On Oct 15, 2009, at 2:14 AM, kenji wrote:


Hi, Daniel and Jonathan, thanks your suggestions

Does matplotlib (pylab) work effectively

Yes. pylab.show() works perfectly. But pylab.show() is a function that should
be called lastly because it doesn't return.

True, although I note that's how you're using mlab in appendix1.


I have used pylab only as a graph viewer, not as an animation viewer. I guess that if an animation viewer is needed then I have to use matlab directly, not
to use pylab front end indirectly.

I don't know whether it's an issue of matplotlib vs. pylab or whether it's an issue of backends. I think it's the latter, but it's an issue best taken up with matplotlib's developers. I will say that I did not used to be able to control Z order or move matplotlib windows on the Mac while FiPy was solving, but since they introduced the MacOSX backend, it works fine for me.


But I don't need animation viewers and fipy perfectly separates solver from viewer. So I can use other modules as in appendix1 or appendix2 to view
results calculated by fipy solvers .

As a post-processor, I agree that it doesn't matter as much, although I would caution you not to rely on

arAt = sc.array(phi).reshape(nx,ny)

always working. We do not promise any particular data ordering.

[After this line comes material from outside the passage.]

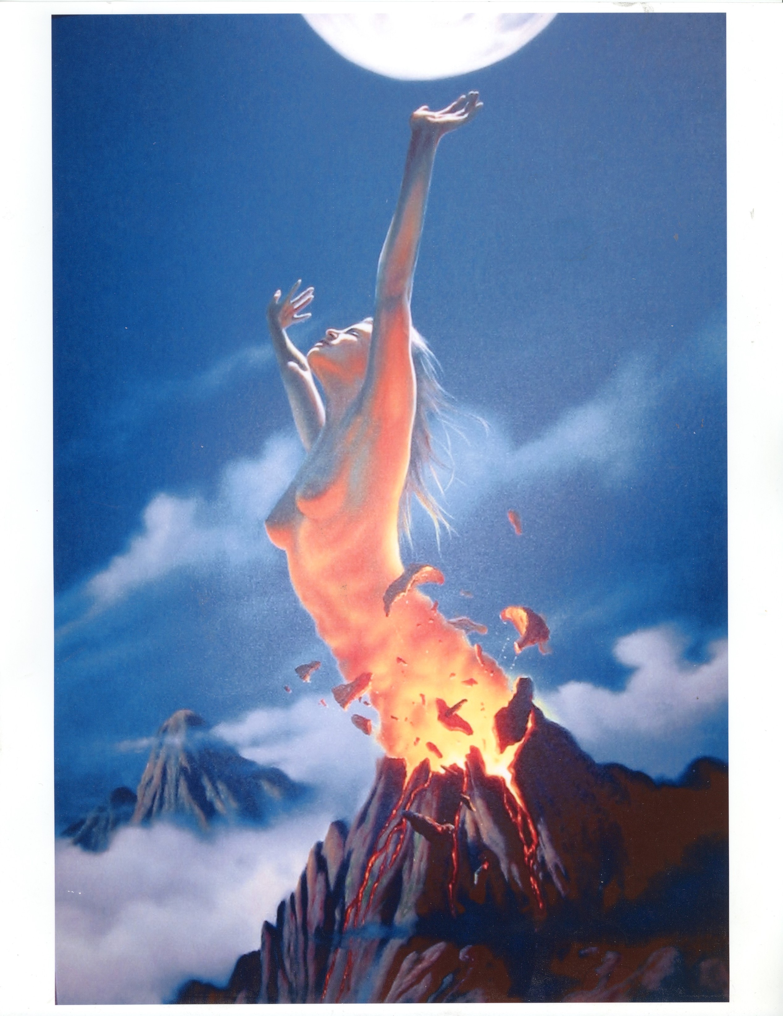 Painting of a nude woman rising from a volcano, arms raised towards a bright moon in a blue sky.

I'm curious, though; you seem to be using your sf.plotGr(..) as an animating viewer (updating while the simulation is evolving). If this viewer works for you on Windows, we would certainly welcome that contribution to FiPy.


It might be easier for me to abandon animation viewers and to use other viewers than to find out the counter measures using the fipy viewer in Win2k.

Since you have mayavi installed, I will tell you that I've implemented MayaviViewer that runs as a separate process, which allows complete interaction with the viewer; at a bare minimum, it should certainly enable you to control Z ordering of its window.